Dünya çapında sürdürülebilir moda adına yapılan önemli gelişmeler de yok değil. Renkli pamuk yetiştirme çalışmaları, kumaş boyama ihtiyacını ortadan kaldıracak gibi görünüyor. Hayvanlardan elde edilen malzemeleri üretmenin daha vegan yolları araştırılıyor; mantarlardan deri benzeri malzemeler ve maya hücrelerinin proteinlerini kullanarak ipek üretiliyor.

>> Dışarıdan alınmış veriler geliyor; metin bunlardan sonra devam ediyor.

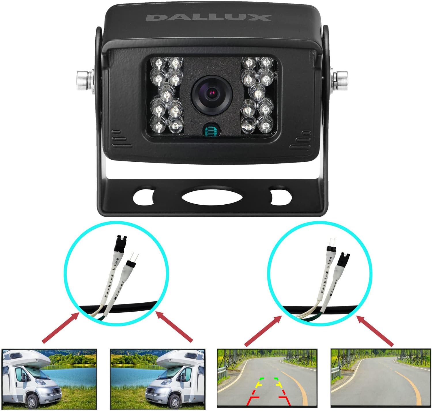 Truck Backup Camera with Parking Line Switch ON/Off for Bus/Travel Trailer/Van/Fifth Wheel/RV Camper
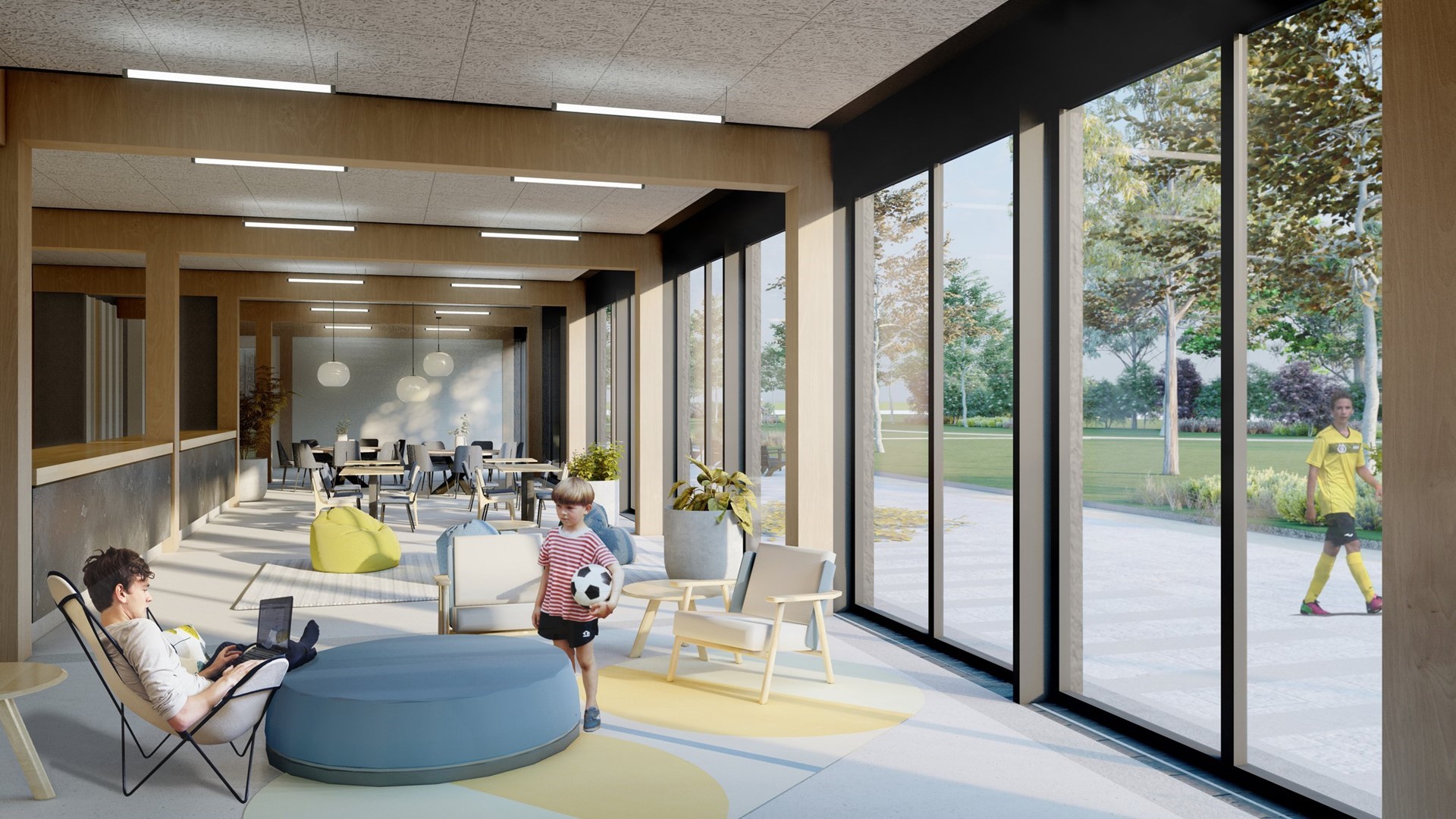 Les locaux (intérieurs) du SK Deurne, qui comprennent une cafétéria, des vestiaires, des installations sanitaires, une salle de premiers secours et un espace de stockage, auront leur place dans le nouveau centre, qui comprendra également un café avec cuisine et une grande salle polyvalente avec cuisine et bar également. Cette dernière peut être divisée en unités plus petites qui pourront faire office de salles de réunion. Le programme spécifique du nouveau centre est basé sur les souhaits et les exigences de plusieurs habitants et associations de Diest, qui ont été interrogés à plusieurs reprises au cours des réunions préalables à l'élaboration du projet.

Sürdürülebilir moda anlayışına sahip firmalar çoğalıyor, yeni girişimciler taze fikirleri ile moda sektörünün yol açtığı sorunları engelleyecek yeni çözüm önerileri sunuyor. Organik pamuktan, okaliptüs ağaçlarından ve bambudan hem doğaya hem cilde dost kumaşlar üretiliyor. Üretim aşamasında bazı markalar güneş ve rüzgar enerjisi kullanarak yenilenebilir kaynaklardan faydalanıyor. Sevilen blogger’lar kendin-yap fikirlerini takipçileri ile paylaşarak ileri dönüşümü insanlara anlatıyor.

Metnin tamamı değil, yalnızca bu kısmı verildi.